2. Add the icing sugar, a tablespoon at a time, until you get a glossy mixture. Add then the flavouring.
3. Keep mixing and adding the remaining icing sugar, until you get a "Toothpaste consistency".
4. Transfer the royal icing into a piping bag, with a tiny rounded nozzle; mine was too big but it was the only one I had available at my student flat.
5. For the cage creating process you will need to have a design previously made of how you would like your panels to look (I draw mine, but you can find some great designs online). place it under a piece of parchment paper and start piping following your design (see pictures). in order to get a great structure you have to create a lot of points of contact between each "pipe" of icing.
6. I decided to make 7 panels (1 extra for precaution purposes; to have a replacement if another panel breaks), but you can make as many as walls you want your cage to have.
7. Let the panels dry overnight; once they have dried completely you will be able to remove them from the parchment paper safely.
8. Taking 2 dried panels vertically, use the royal icing as a "glue" or "cement", and pipe it onto their sides; stick them together into the desired position and let them dry.
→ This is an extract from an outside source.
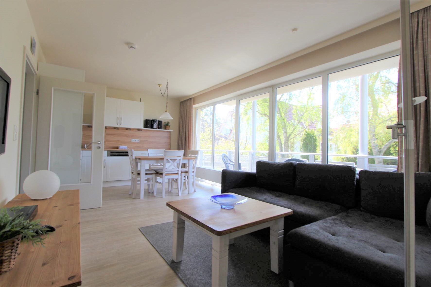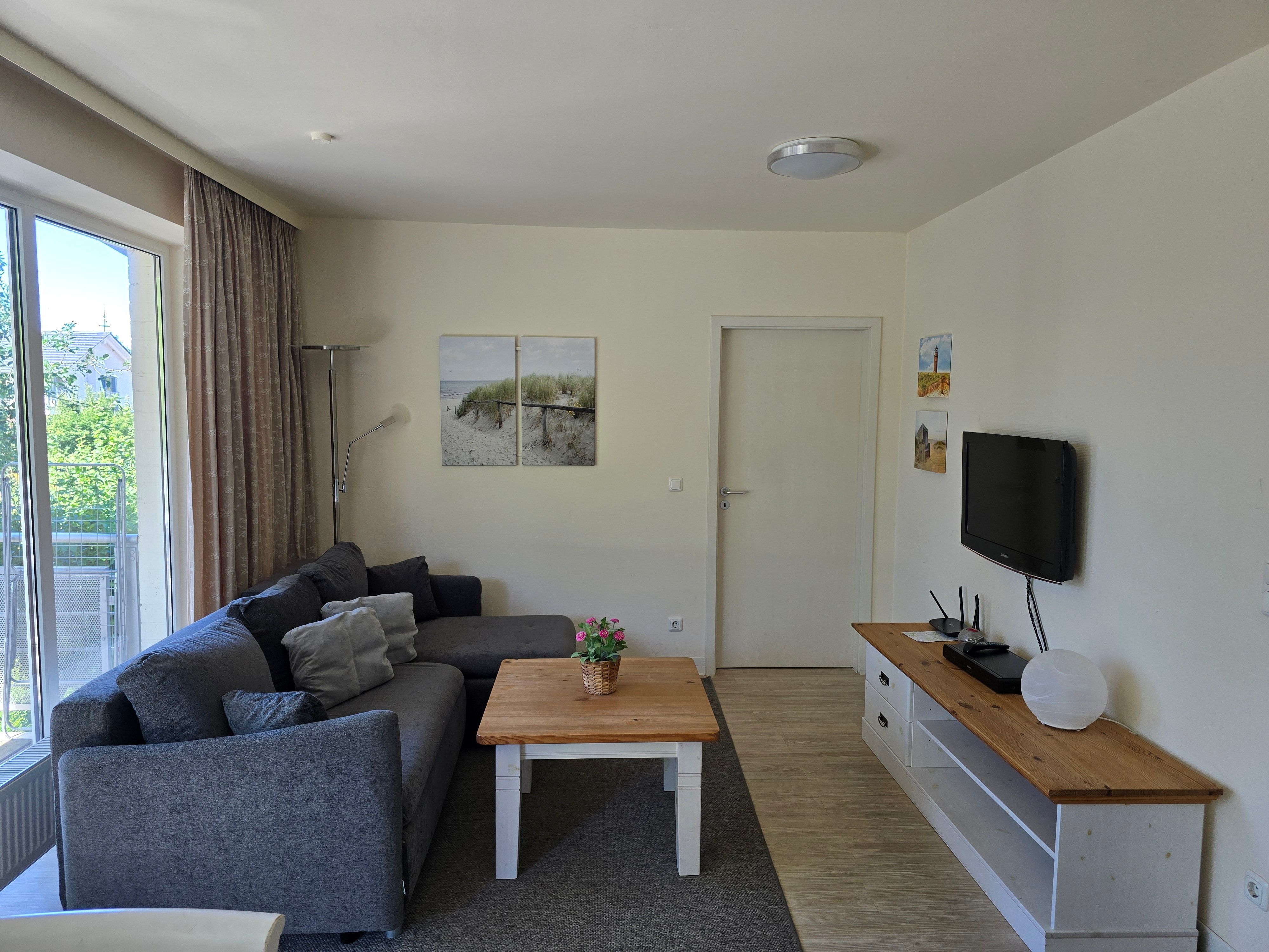 Sie wohnen in einem 2-Zimmer-Appartement für bis zu 3 Personen auf 45 m² Wohnfläche im 1. OG. Ein Schlafzimmer mit Doppelbett (mit TV-Gerät), Wohn-/Schlafraum mit bequemer Doppelbettcouch, separater Essplatz, voll ausgestatteter Küchenbereich mit Geschirrspüler und Mikrowelle, Dusche/WC, Balkon, SAT-TV mit Flachbildschirm, Telefon. KFZ-Stellplatz in der Tiefgarage.

Repeat this process with all the panels.
9. Once the cage structure is made, put some more royal icing over all the "connection" sides and decorate the bottom to assure the stability of the cage.
10. I painted with pearlescent white edible paint the "cemented" parts of the bottom and the sides, to give it a more realistic look.
Step 4: Step 4: Making the Candy and the Axe
So, the reason why the white susuwatari are white and evil is because they ate candy passed midnight. And as evilish balls they should have an axe to scape from this cage.
For the candy I used:
-Modeling chocolate (pink)
-pearlescent white edible paint
**you can also use the real candy they crave about but this was easier to make for me.
1. Roll some balls of modeling chocolate. Start pinching them to get the spikes, and let it harden.
2. Paint with the edible paint.
See? super easy.
For the axe we will follow this steps:
-Grey fondant
-Brown fondant
-Silver edible dust
1. Make the blade with grey fondant, thinning its edge and let it harden.
2. Roll a cylinder to make the handle and let it harden slightly. Make a hole in it and glue the blade.
3. Paint the sharp edge of the blade with silver edible dust.
Step 5: Step 5: Put Them Into the Cage!!!
So now the GREATEST part of the process, putting them into the cage!
1. For that, place the cage onto a nice plate, and very VERY carefully start placing inside the cage black-cute susuwatari. Be very careful, because the cage is very delicate and it may break if you are not careful #royalicingstruggles
2. Once the black susuwatari are placed, start with the white ones, making sure their blood-injected eyes are visible.
3. Very carefully, take the susuwatari arms you piped onto parchment paper before, and with some melted chocolate attach it to the black susuwatari THROUGH the panels of the cage.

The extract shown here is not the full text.